Jason Woodruff

March 8, 2024

Roles & Responsibilities

Roles & Responsibilities 


Spongl is pleased to announce that we've dropped some super new reports into one of our Shared Bases!

Here's the link:
 https://airtable.com/appYRKIg2jp7QXeGp/shrBke3qgN649Q4ho

These have been built by aggregating the results of our models for Roles and Responsibilities (R&R).

There is lots of value here for anyone wearing an EHS compliance hat. Please share to that special person in your life (ha, ha).

More details below but the two key takeaways are that the data can be downloaded and is provided under a CC BY-SA 4.0 license.

Licenses
A short note about licenses. Our foundational data is covered by the National Archives' Open Government License. All of our adapted information is covered by a Creative Commons license of one sort or another. Our code is open source and on a public repo. The models operationalised by the code and reported here are our IP and covered by a standard copyright. Specifically this means the classes and members of the models which have been built through endless PDCAs (its never PDCA is it? More like do something really dumb until it becomes very obvious rework is needed - or is that just me?)

R&R Models
We've applied our R&R Models across all the laws that are in force across our 50+ Family groups. That's 8538 laws. We've processed 7457 of them so that's well over 80%. Not bad for v0.1 and of course we'll be working to fix the bugs and move towards 100% coverage.

Role
Full details on our Role model are available in our Help docs (link in the Shared Base) so we'll not go into details here.
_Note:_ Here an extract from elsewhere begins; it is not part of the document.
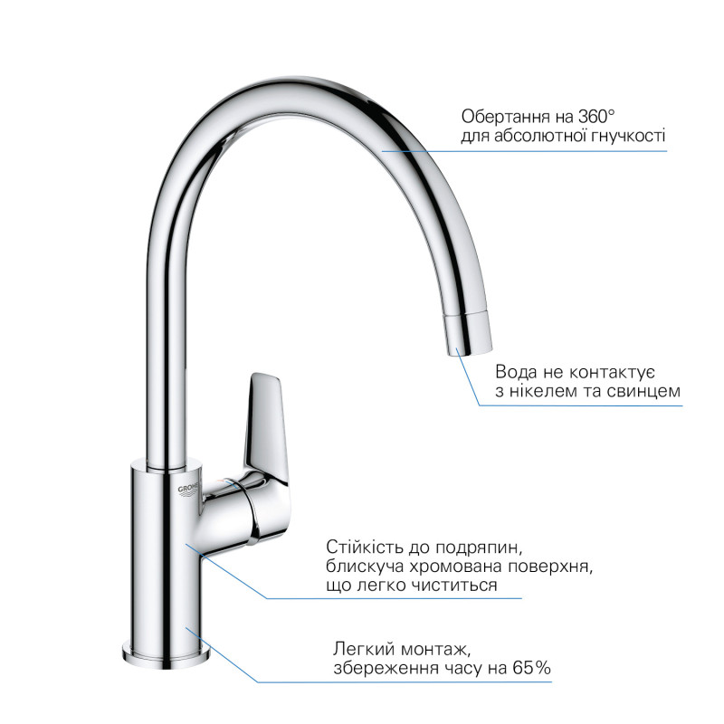Суцільний металевий важіль ергономічний і надійний, а всередині керамічний картридж GROHE LongLife забезпечує точний і надійний контроль потоку та температури води. Внутрішні водні канали GROHE Zero означають, що ваша питна вода не контактує з свинцем та нікелем, а система легкого встановлення з гнучкими з’єднувальними шлангами робить установку цього кухонного змішувача швидкою та безпроблемною. Цей кухонний змішувач, представлений у приголомшливому довговічному хромі GROHE StarLight, збереже свій ідеальний блиск протягом багатьох років використання.
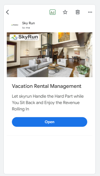 SkyRun Vacation Rentals signed up for an Everywhere Small Business campaign that combines digital ads with mailers.

We perform a full-text search for each Role term e.g. ""client"". Search reliability is high but there will be false positives. We are creating a quality measure for this. The report in the resource linked to above shows which roles turn up in which laws and put all this information into a single table. This is useful for anyone wearing an EHS compliance hat.
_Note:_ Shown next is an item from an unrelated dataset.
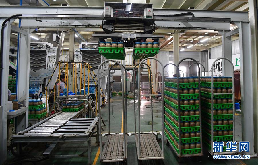 在位于清豐縣的河南龍豐實(shí)業(yè)股份有限公司,“機(jī)械手”在裝瓶車(chē)間自動(dòng)轉(zhuǎn)運(yùn)食用菌栽培瓶(9月28日攝)。新華社記者馮大鵬攝
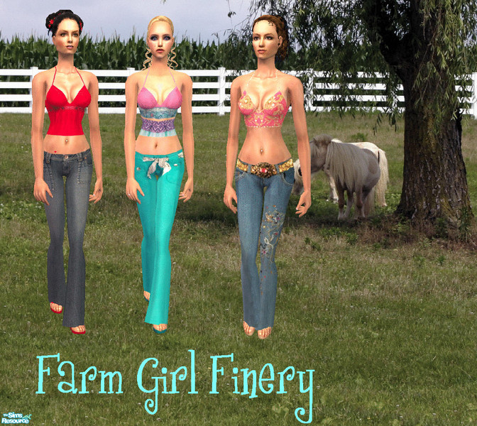 Three sexy outfits for your country sims. REQUIRES MESH BY GRIZZELDA.

Role is actually split into two groups - governed and government. We continue to build our government role model, but it already includes key EHS agencies, devolved administrations etc. We think this is a really useful resource for those working in state organisations with legal responsibilities and powers.
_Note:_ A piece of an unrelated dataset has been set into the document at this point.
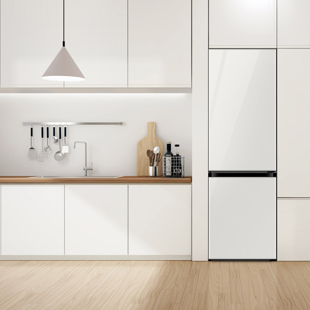 Elige la dirección de apertura de tu refrigerador y congelador con las Puertas Reversibles. Esto significa que siempre será ideal para la disposición preferida de tu cocina. Cada puerta puede invertirse simplemente cambiando las bisagras.

Responsibility, Power, Duty, Right (RPDR)
We affectionately call this model Ru Paul's Drag Race. Our model is simple. Government roles have responsibilities (statutory duties) and powers (they can exercise). Governed roles have duties, but laws also afford rights (e.g. to appeal). We search through a law building on the roles we know the law contains and find the RPDRs. This analysis uses quite simple Regular Expressions. We've shared a report showing the laws with duties (D). Let us know if you'd like also to see PDR. So, for example, if you're an importer (role), you can go to the 'supply chain' field and see which laws create duties for importers in each of our Family groups. For the 'Gas & Electrical Safety' Family there are three.

Purpose
Not all laws contain one or more of the RPDR. The purpose might be simply to amend an existing law and no new RPDR are created. We've created a report that provides the % of laws in each Family group with an R or P or D or R. For example, of the 285 climate change laws we've processed 21% have duties, 17% confer rights, 28% have responsibilities and 18% confer powers.

POPIMAR
For those who know. You have to have been around H&S in the early 90s to recognise this model. We've started to operationalise this against the content of legislation. With an emphasis on 'started'. The model will continue to go through PDCA and the results will continue to improve. The safety academic side of me cannot resist looking at these results and contrasting different Families of laws. I'll not spoil the 'fun'. Click through and have a peek.

Final Random Thoughts
The differences between, for example, occupational safety and food safety practice get reflected in the laws that get enacted. As we develop our models we know they will become 'tuned' to the language of the particular EHS domain for which our Families are proxies.

This work will eventually give us the training data we need to use AI in our modelling.

The time taken to process all the laws in a Family is about 15 minutes. With about 50 Families that's two days' worth of work. Going forwards we will align our model updates with our scheduled update of the Family groups.

These models are an important foundation to the development work creating a suite of audit tests and schedules.

Thanks for reading.

Spongl is a social enterprise. We think a vibrant and successful social enterprise sector has an important role to play in fixing the problems that keep EHS people awake at night.